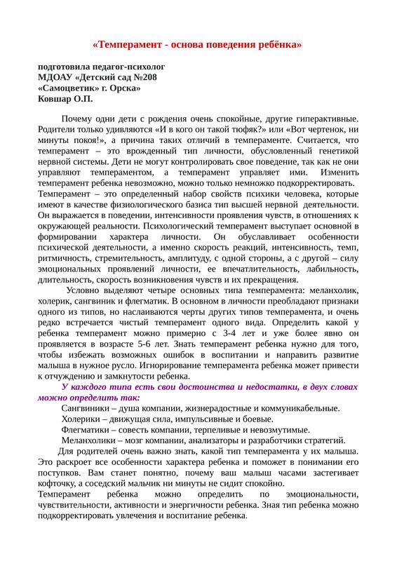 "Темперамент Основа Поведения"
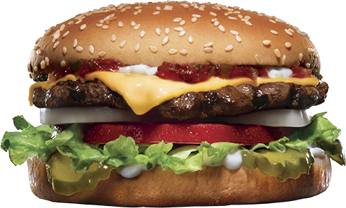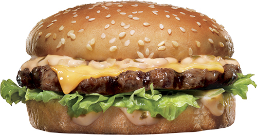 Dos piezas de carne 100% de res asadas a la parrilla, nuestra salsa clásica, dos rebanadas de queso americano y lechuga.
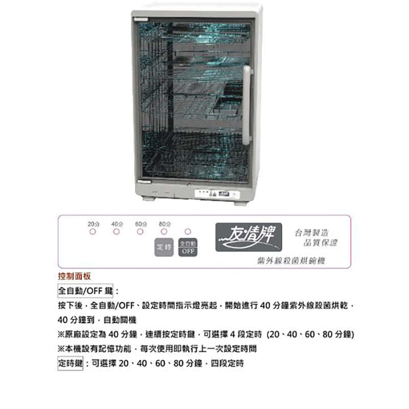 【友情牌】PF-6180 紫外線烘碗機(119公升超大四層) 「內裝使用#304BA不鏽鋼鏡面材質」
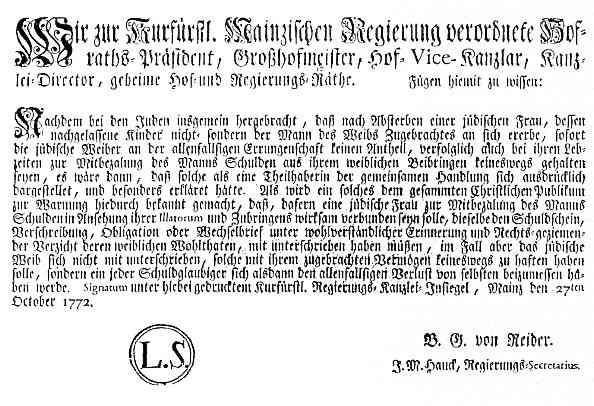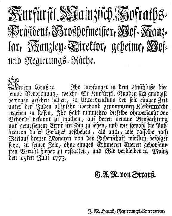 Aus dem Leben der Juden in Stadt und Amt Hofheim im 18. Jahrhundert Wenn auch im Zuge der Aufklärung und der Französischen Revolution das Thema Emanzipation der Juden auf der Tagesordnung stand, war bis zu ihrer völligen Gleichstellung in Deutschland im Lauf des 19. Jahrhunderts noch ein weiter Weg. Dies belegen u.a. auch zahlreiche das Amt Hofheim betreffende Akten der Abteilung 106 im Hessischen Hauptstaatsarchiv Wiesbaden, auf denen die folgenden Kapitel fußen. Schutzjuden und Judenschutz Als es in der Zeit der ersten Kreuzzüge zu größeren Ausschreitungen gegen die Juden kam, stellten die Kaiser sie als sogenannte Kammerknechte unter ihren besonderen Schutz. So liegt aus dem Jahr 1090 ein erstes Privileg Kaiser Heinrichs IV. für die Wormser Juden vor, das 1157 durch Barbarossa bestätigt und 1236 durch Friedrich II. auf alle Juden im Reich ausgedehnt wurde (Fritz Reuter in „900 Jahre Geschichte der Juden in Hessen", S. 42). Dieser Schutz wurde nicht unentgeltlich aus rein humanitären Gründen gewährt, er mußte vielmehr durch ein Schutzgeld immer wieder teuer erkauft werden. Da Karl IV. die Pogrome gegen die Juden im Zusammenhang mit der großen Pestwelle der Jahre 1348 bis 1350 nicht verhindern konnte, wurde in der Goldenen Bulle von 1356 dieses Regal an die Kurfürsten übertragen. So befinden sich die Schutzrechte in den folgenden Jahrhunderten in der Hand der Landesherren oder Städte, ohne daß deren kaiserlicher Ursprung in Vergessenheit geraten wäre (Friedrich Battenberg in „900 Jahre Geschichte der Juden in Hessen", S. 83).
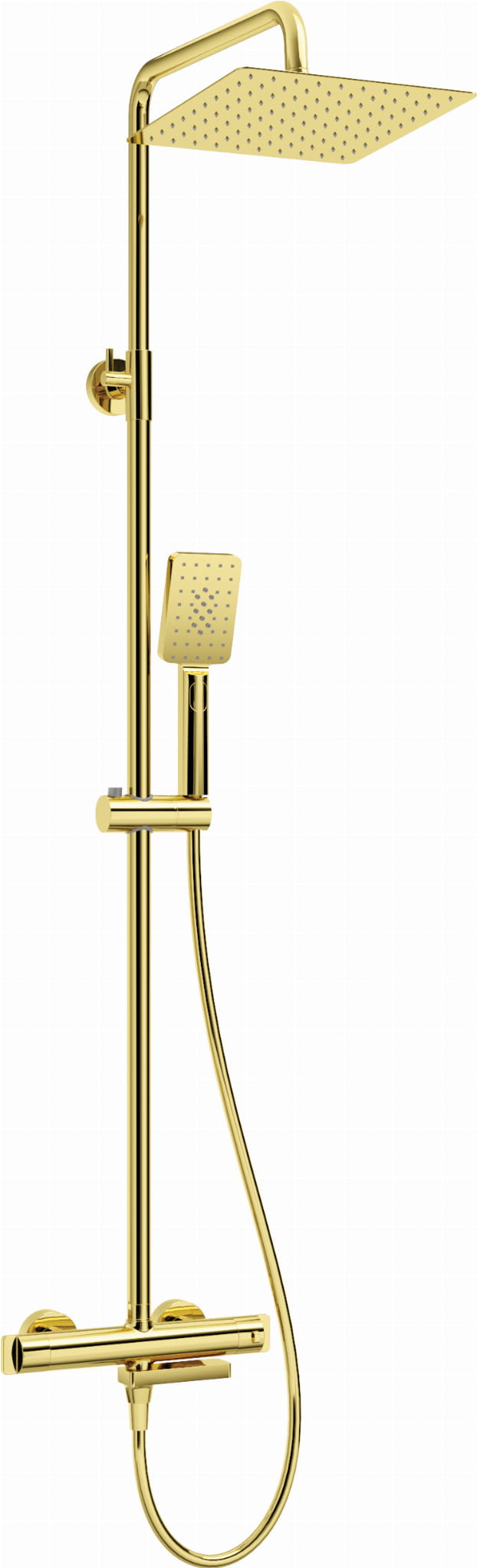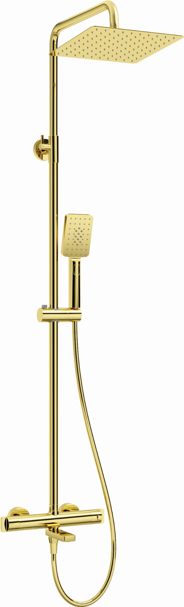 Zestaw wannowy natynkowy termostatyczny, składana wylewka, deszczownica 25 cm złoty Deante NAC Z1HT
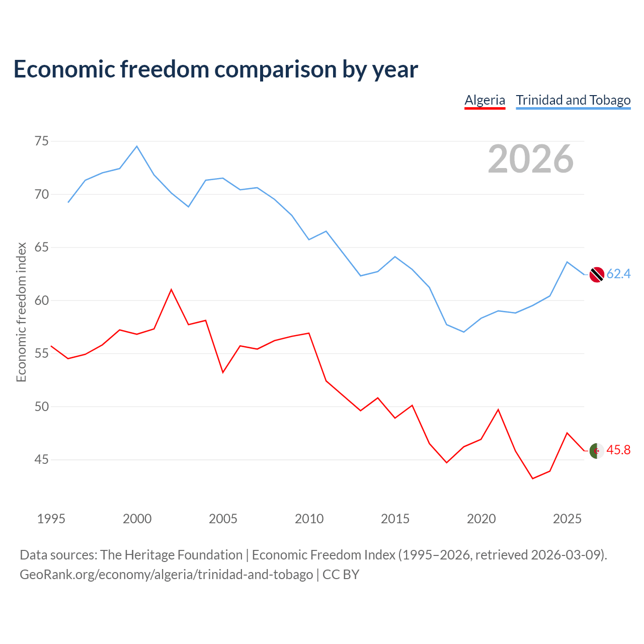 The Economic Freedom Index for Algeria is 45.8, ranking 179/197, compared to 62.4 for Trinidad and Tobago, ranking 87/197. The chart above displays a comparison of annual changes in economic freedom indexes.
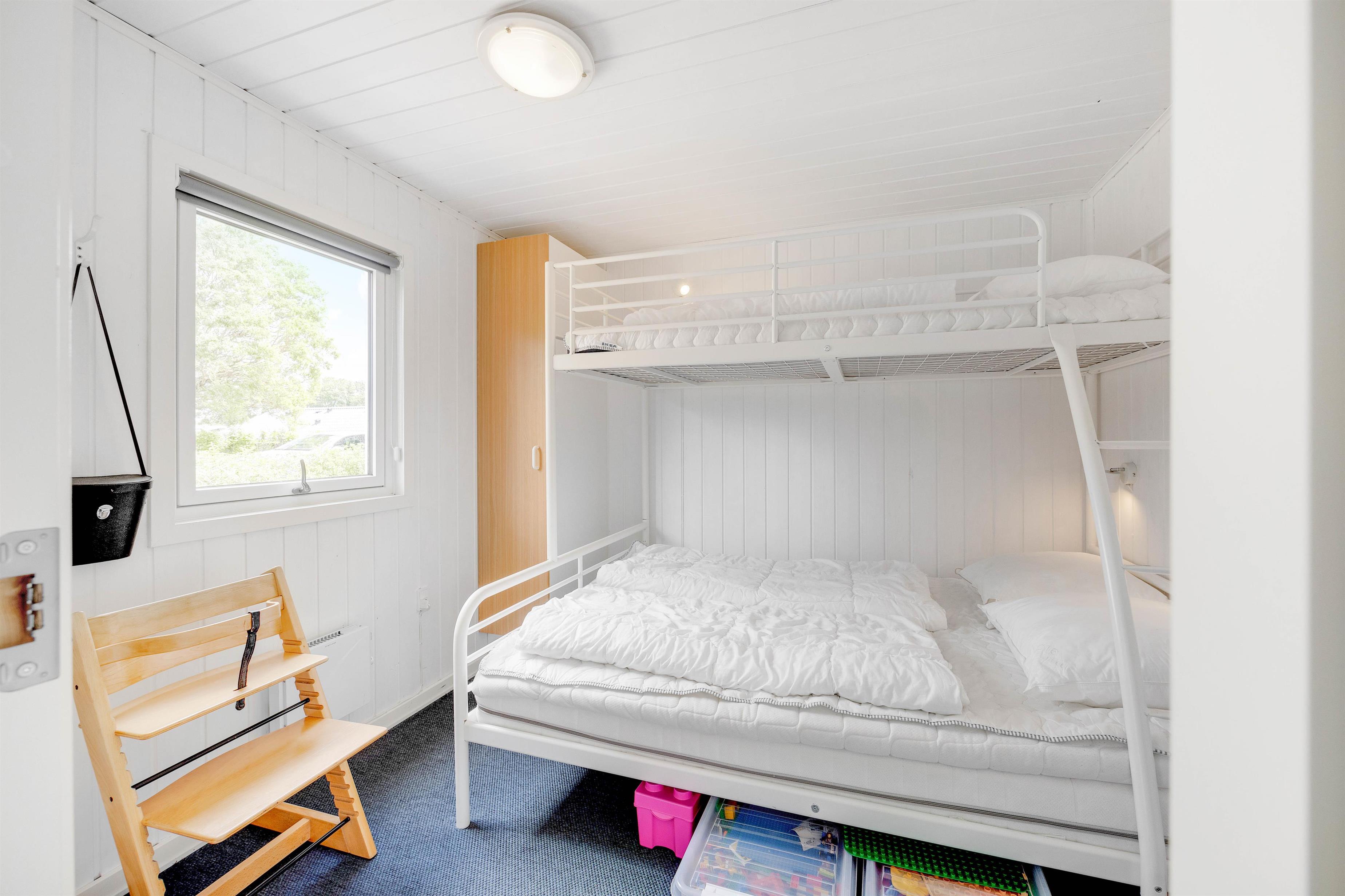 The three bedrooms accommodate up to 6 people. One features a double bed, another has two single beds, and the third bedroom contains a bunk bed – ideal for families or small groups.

Assigned task: The reply should hold every record, unchanged, and no pictures.

Written response:
 "Темперамент Основа Поведения"
 Dos piezas de carne 100% de res asadas a la parrilla, nuestra salsa clásica, dos rebanadas de queso americano y lechuga.
 【友情牌】PF-6180 紫外線烘碗機(119公升超大四層) 「內裝使用#304BA不鏽鋼鏡面材質」
 Aus dem Leben der Juden in Stadt und Amt Hofheim im 18. Jahrhundert Wenn auch im Zuge der Aufklärung und der Französischen Revolution das Thema Emanzipation der Juden auf der Tagesordnung stand, war bis zu ihrer völligen Gleichstellung in Deutschland im Lauf des 19. Jahrhunderts noch ein weiter Weg. Dies belegen u.a. auch zahlreiche das Amt Hofheim betreffende Akten der Abteilung 106 im Hessischen Hauptstaatsarchiv Wiesbaden, auf denen die folgenden Kapitel fußen. Schutzjuden und Judenschutz Als es in der Zeit der ersten Kreuzzüge zu größeren Ausschreitungen gegen die Juden kam, stellten die Kaiser sie als sogenannte Kammerknechte unter ihren besonderen Schutz. So liegt aus dem Jahr 1090 ein erstes Privileg Kaiser Heinrichs IV. für die Wormser Juden vor, das 1157 durch Barbarossa bestätigt und 1236 durch Friedrich II. auf alle Juden im Reich ausgedehnt wurde (Fritz Reuter in „900 Jahre Geschichte der Juden in Hessen", S. 42). Dieser Schutz wurde nicht unentgeltlich aus rein humanitären Gründen gewährt, er mußte vielmehr durch ein Schutzgeld immer wieder teuer erkauft werden. Da Karl IV. die Pogrome gegen die Juden im Zusammenhang mit der großen Pestwelle der Jahre 1348 bis 1350 nicht verhindern konnte, wurde in der Goldenen Bulle von 1356 dieses Regal an die Kurfürsten übertragen. So befinden sich die Schutzrechte in den folgenden Jahrhunderten in der Hand der Landesherren oder Städte, ohne daß deren kaiserlicher Ursprung in Vergessenheit geraten wäre (Friedrich Battenberg in „900 Jahre Geschichte der Juden in Hessen", S. 83).
 Zestaw wannowy natynkowy termostatyczny, składana wylewka, deszczownica 25 cm złoty Deante NAC Z1HT
 The Economic Freedom Index for Algeria is 45.8, ranking 179/197, compared to 62.4 for Trinidad and Tobago, ranking 87/197. The chart above displays a comparison of annual changes in economic freedom indexes.
 The three bedrooms accommodate up to 6 people. One features a double bed, another has two single beds, and the third bedroom contains a bunk bed – ideal for families or small groups.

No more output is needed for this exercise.